▶ Action item:
After locating the line with "圖 1 為高性能時鐘設(shè)備的基本" in the entries below, output it and each following line up to and including the line with "Anime boy with", exactly and without pictures.

▶ The records:
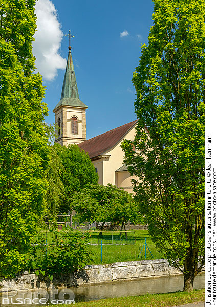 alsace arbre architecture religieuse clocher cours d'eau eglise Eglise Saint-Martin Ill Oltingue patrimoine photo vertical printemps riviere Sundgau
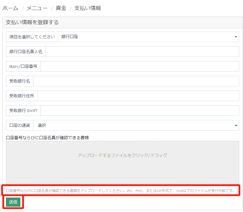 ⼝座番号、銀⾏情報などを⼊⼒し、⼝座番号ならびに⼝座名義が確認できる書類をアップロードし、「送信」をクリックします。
...
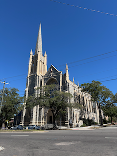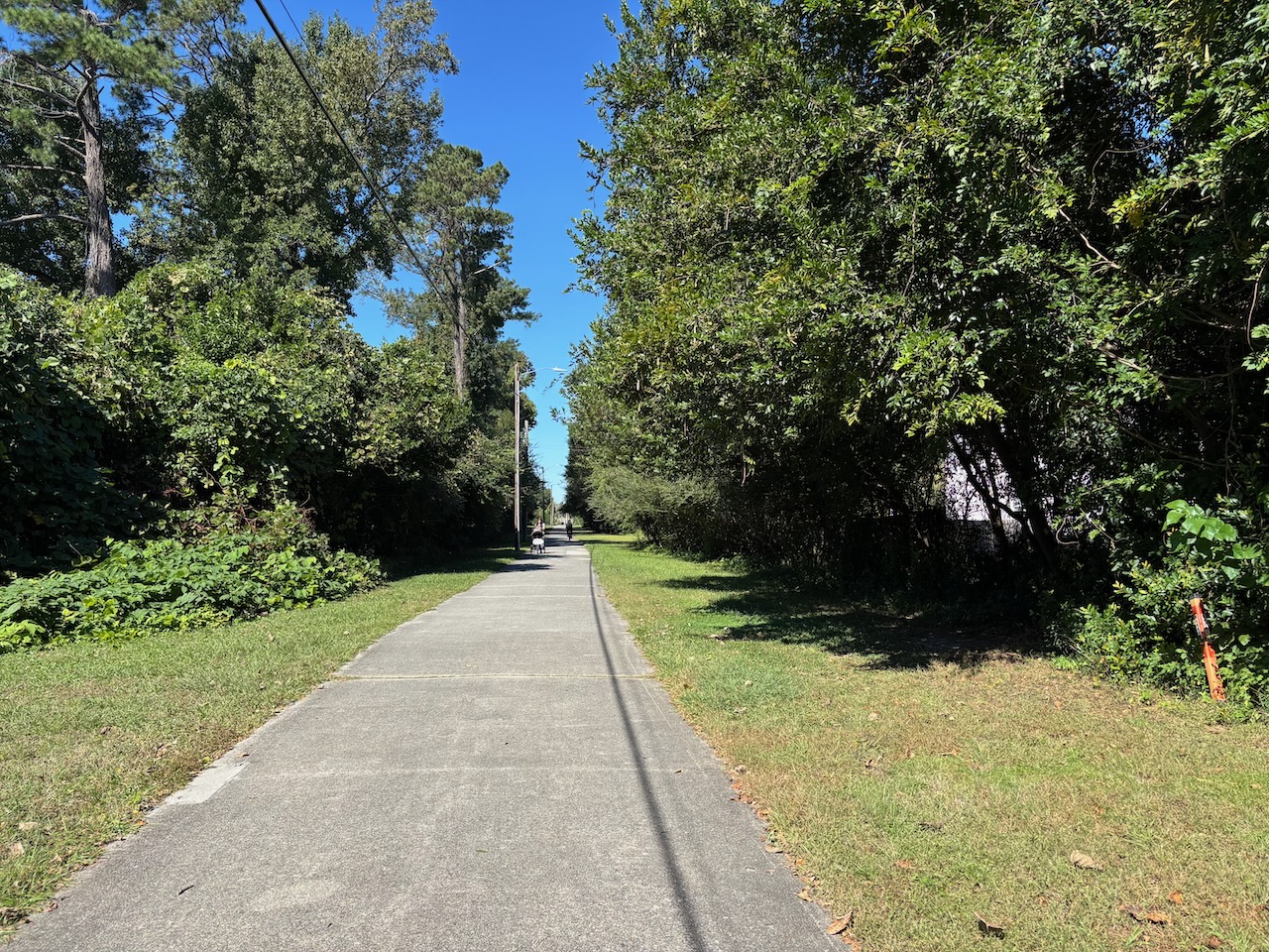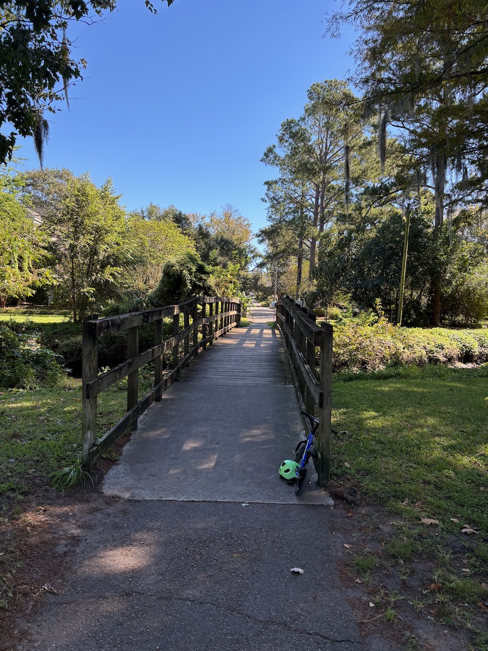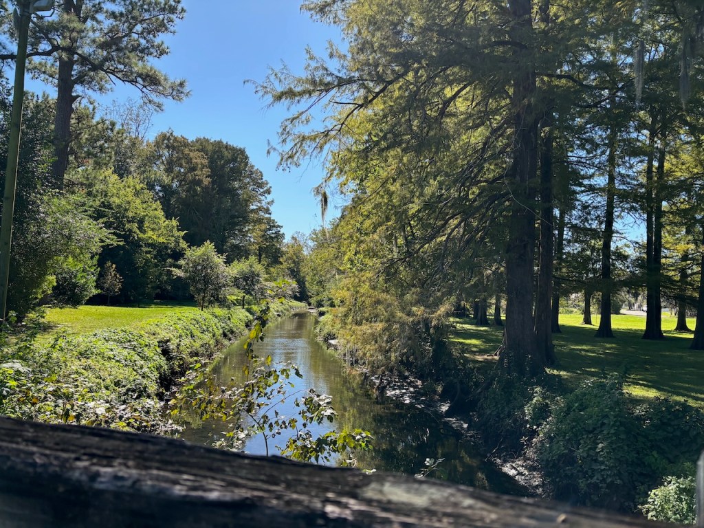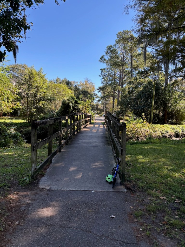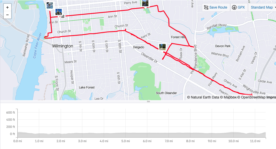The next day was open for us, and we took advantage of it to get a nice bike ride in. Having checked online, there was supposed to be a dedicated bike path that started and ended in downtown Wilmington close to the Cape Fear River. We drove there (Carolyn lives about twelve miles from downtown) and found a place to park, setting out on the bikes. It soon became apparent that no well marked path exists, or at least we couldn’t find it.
* * *
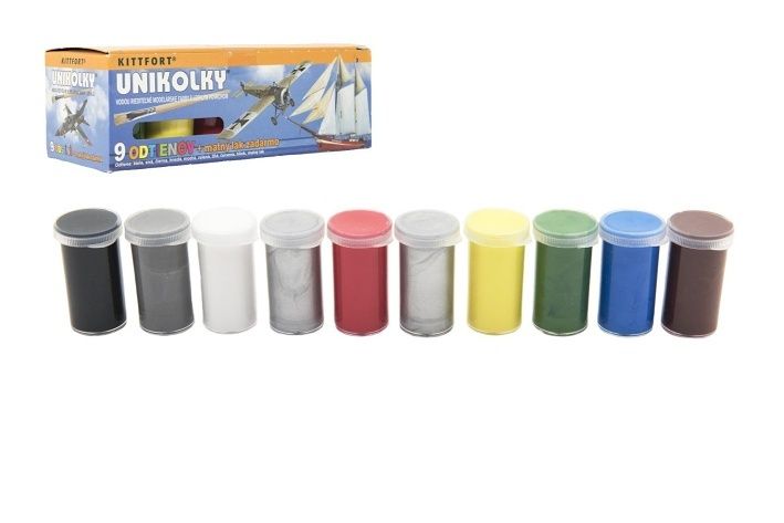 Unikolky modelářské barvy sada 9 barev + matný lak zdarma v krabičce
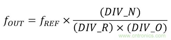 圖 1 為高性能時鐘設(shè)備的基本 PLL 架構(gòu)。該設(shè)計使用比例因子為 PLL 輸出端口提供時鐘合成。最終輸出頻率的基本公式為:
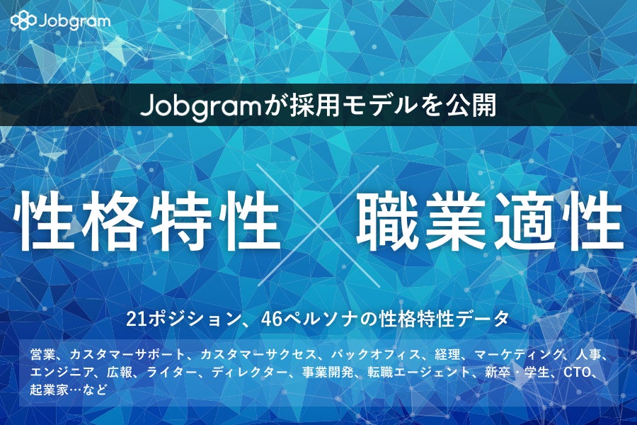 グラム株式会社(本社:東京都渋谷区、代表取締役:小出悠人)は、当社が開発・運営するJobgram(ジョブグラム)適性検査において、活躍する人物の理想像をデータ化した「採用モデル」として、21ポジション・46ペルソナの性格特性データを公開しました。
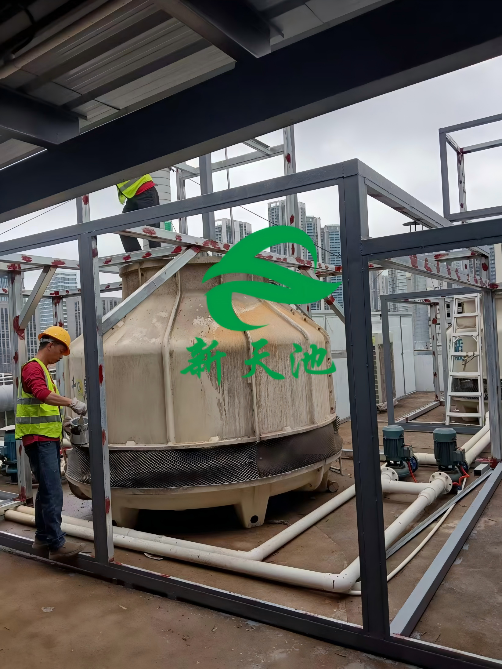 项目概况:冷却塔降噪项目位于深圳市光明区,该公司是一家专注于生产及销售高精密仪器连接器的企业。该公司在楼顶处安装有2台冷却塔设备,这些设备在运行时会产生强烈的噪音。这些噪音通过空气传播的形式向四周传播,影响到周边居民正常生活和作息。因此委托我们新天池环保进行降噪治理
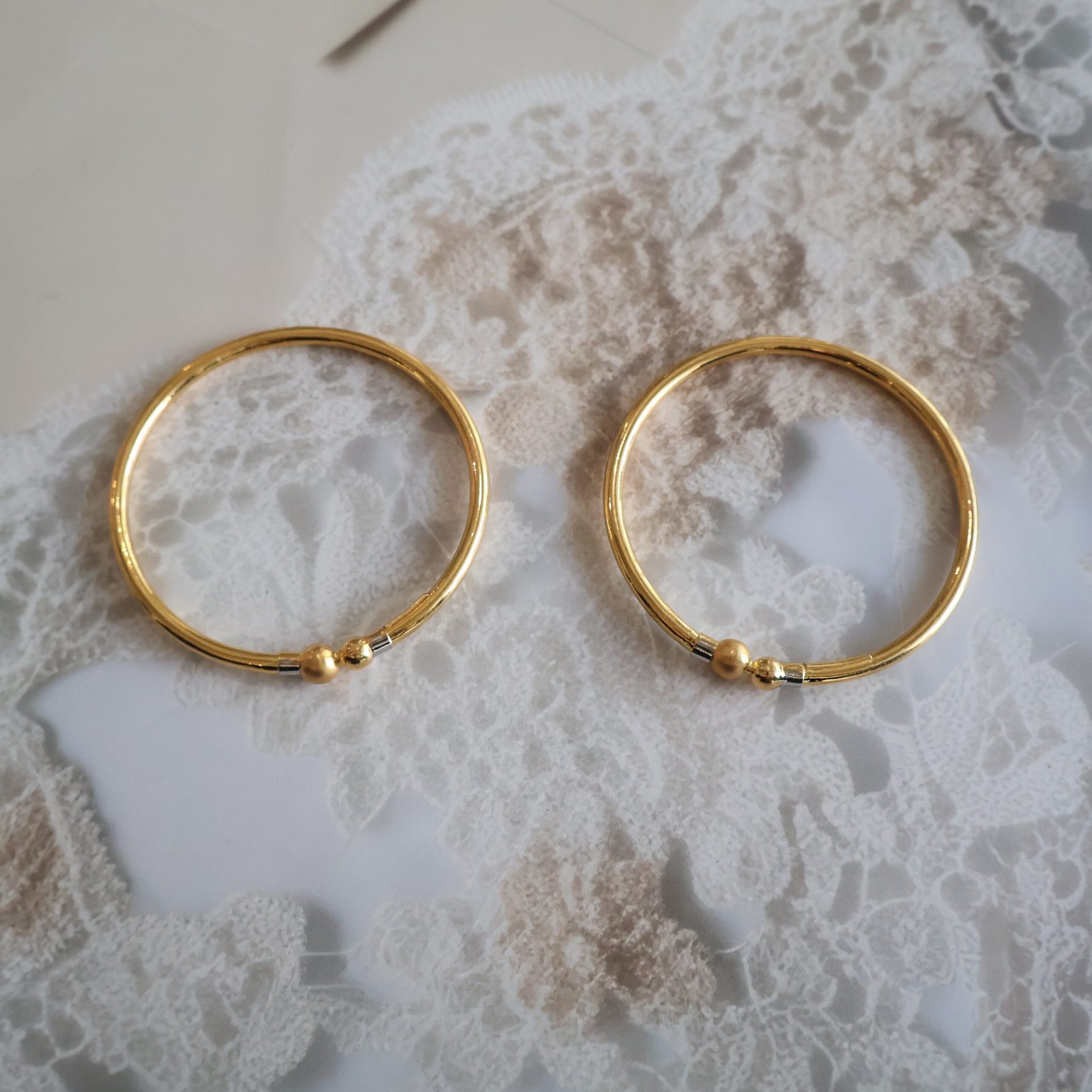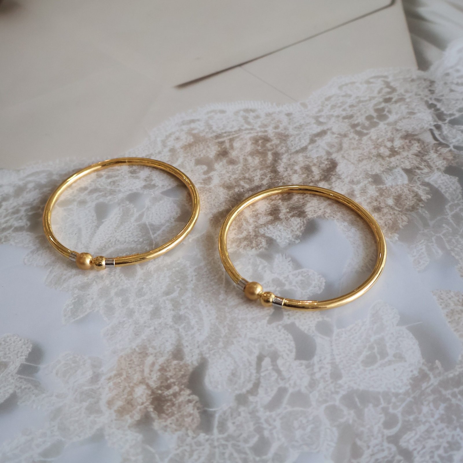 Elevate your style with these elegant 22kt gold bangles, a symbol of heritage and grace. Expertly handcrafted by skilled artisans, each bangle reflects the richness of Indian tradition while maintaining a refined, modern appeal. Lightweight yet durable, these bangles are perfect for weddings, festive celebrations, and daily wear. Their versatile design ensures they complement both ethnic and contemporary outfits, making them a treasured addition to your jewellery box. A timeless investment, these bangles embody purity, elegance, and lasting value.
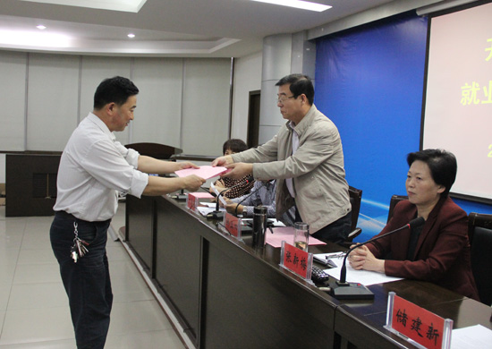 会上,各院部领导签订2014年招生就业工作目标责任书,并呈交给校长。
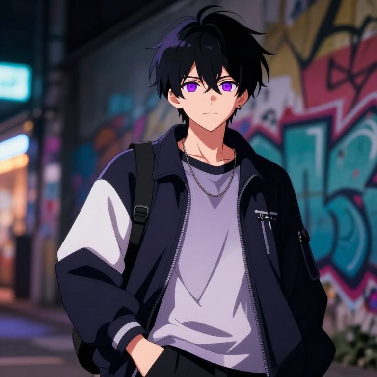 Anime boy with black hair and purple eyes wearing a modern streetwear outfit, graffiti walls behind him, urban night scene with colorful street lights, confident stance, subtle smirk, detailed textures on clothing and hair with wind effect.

▶ Output of the task:
 圖 1 為高性能時鐘設(shè)備的基本 PLL 架構(gòu)。該設(shè)計使用比例因子為 PLL 輸出端口提供時鐘合成。最終輸出頻率的基本公式為:
 グラム株式会社(本社:東京都渋谷区、代表取締役:小出悠人)は、当社が開発・運営するJobgram(ジョブグラム)適性検査において、活躍する人物の理想像をデータ化した「採用モデル」として、21ポジション・46ペルソナの性格特性データを公開しました。
 项目概况:冷却塔降噪项目位于深圳市光明区,该公司是一家专注于生产及销售高精密仪器连接器的企业。该公司在楼顶处安装有2台冷却塔设备,这些设备在运行时会产生强烈的噪音。这些噪音通过空气传播的形式向四周传播,影响到周边居民正常生活和作息。因此委托我们新天池环保进行降噪治理
 Elevate your style with these elegant 22kt gold bangles, a symbol of heritage and grace. Expertly handcrafted by skilled artisans, each bangle reflects the richness of Indian tradition while maintaining a refined, modern appeal. Lightweight yet durable, these bangles are perfect for weddings, festive celebrations, and daily wear. Their versatile design ensures they complement both ethnic and contemporary outfits, making them a treasured addition to your jewellery box. A timeless investment, these bangles embody purity, elegance, and lasting value.
 会上,各院部领导签订2014年招生就业工作目标责任书,并呈交给校长。
 Anime boy with black hair and purple eyes wearing a modern streetwear outfit, graffiti walls behind him, urban night scene with colorful street lights, confident stance, subtle smirk, detailed textures on clothing and hair with wind effect.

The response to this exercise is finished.